# [ABOUT THIS TASK]
Drop the pictures and restate the rest of the listing word for word.

# [GIVEN INFORMATION]
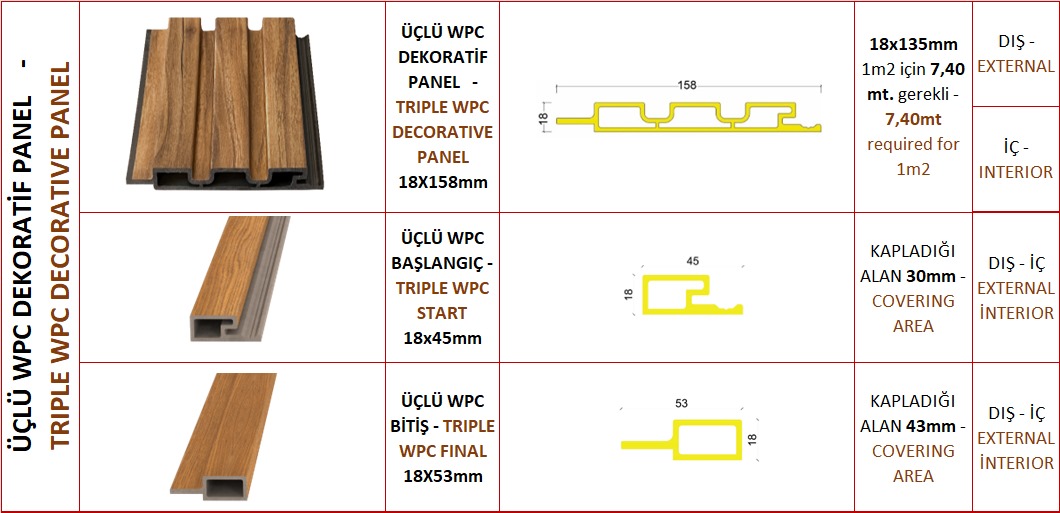 WPC duvar panelleri, ahşap lifi ve plastik polimerlerinin belirli oranlarda karıştırılmasıyla üretilen kompozit malzemelerdir. Bu karışım, hem ahşabın doğal görünümünü hem de plastiklerin uzun ömürlülüğünü ve dayanıklılığını sunar. İç mekanlarda şıklık ve zarafet, dış mekanlarda ise dayanıklılık ve düşük bakım gereksinimleri açısından tercih edilirler.
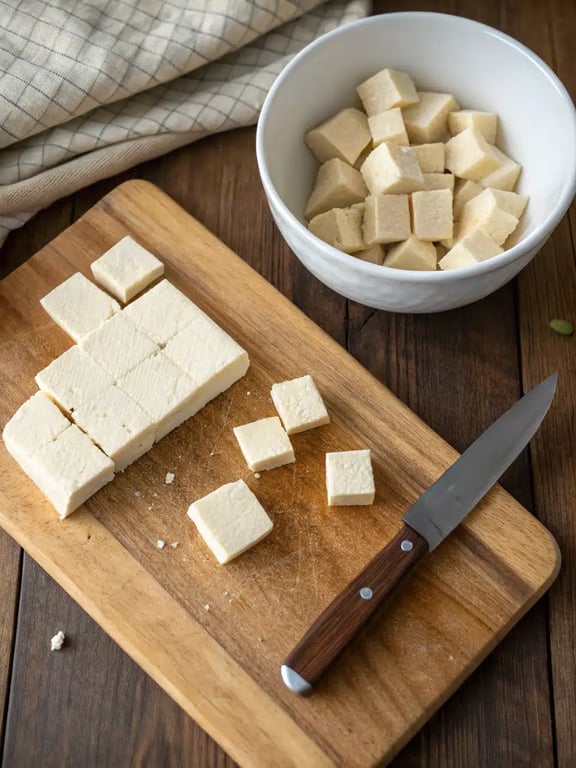 Heat 1 tablespoon of vegetable oil in a large skillet or wok over medium-high heat. Add the pressed tofu cubes in a single layer and cook for 3-4 minutes per side until golden brown and crisp. Transfer the tofu to a plate and set aside.Step 2: Cook the Mushrooms
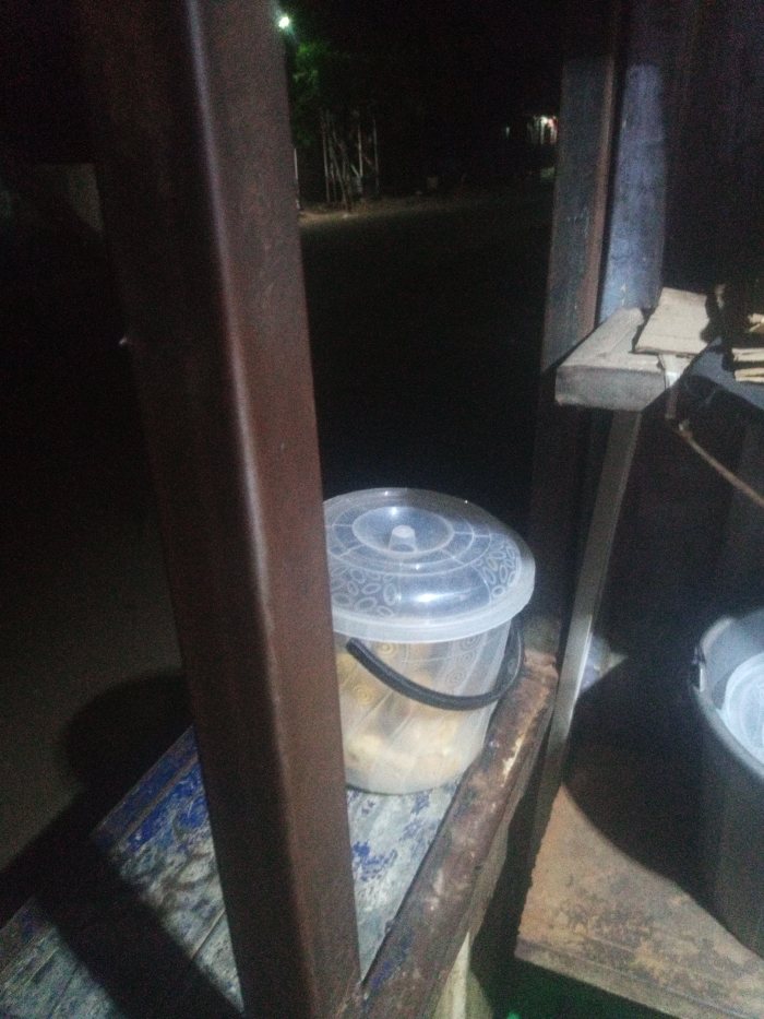 The image depicts a nighttime scene in Maiburiji, Nigeria, characterized by low light and artificial illumination in the background. In the immediate foreground, a weathered, multi-colored (blue, white, and brown) surface, possibly a wooden plank or table, is visible. Resting on this surface is a transparent plastic bucket with a clear, patterned lid and a black handle. The bucket contains light-colored, irregularly shaped contents. To the right, partially visible, is another similar clear plastic container with a lid, and above it, several small, light-colored rectangular pieces of material (possibly cardboard or thin wood) are stacked on a wooden shelf. Vertical and horizontal rusty metal supports frame the central objects, suggesting a makeshift stand or structure. The background is predominantly dark, featuring a faint, unpaved path or road receding into the distance. A bright green light source is visible in the upper left background, illuminating some vertical structures or tree branches. No individuals, actions, or interactions are discernible in the scene.

# [OUTPUT OF THE TASK]
 WPC duvar panelleri, ahşap lifi ve plastik polimerlerinin belirli oranlarda karıştırılmasıyla üretilen kompozit malzemelerdir. Bu karışım, hem ahşabın doğal görünümünü hem de plastiklerin uzun ömürlülüğünü ve dayanıklılığını sunar. İç mekanlarda şıklık ve zarafet, dış mekanlarda ise dayanıklılık ve düşük bakım gereksinimleri açısından tercih edilirler.
 Heat 1 tablespoon of vegetable oil in a large skillet or wok over medium-high heat. Add the pressed tofu cubes in a single layer and cook for 3-4 minutes per side until golden brown and crisp. Transfer the tofu to a plate and set aside.Step 2: Cook the Mushrooms
 The image depicts a nighttime scene in Maiburiji, Nigeria, characterized by low light and artificial illumination in the background. In the immediate foreground, a weathered, multi-colored (blue, white, and brown) surface, possibly a wooden plank or table, is visible. Resting on this surface is a transparent plastic bucket with a clear, patterned lid and a black handle. The bucket contains light-colored, irregularly shaped contents. To the right, partially visible, is another similar clear plastic container with a lid, and above it, several small, light-colored rectangular pieces of material (possibly cardboard or thin wood) are stacked on a wooden shelf. Vertical and horizontal rusty metal supports frame the central objects, suggesting a makeshift stand or structure. The background is predominantly dark, featuring a faint, unpaved path or road receding into the distance. A bright green light source is visible in the upper left background, illuminating some vertical structures or tree branches. No individuals, actions, or interactions are discernible in the scene.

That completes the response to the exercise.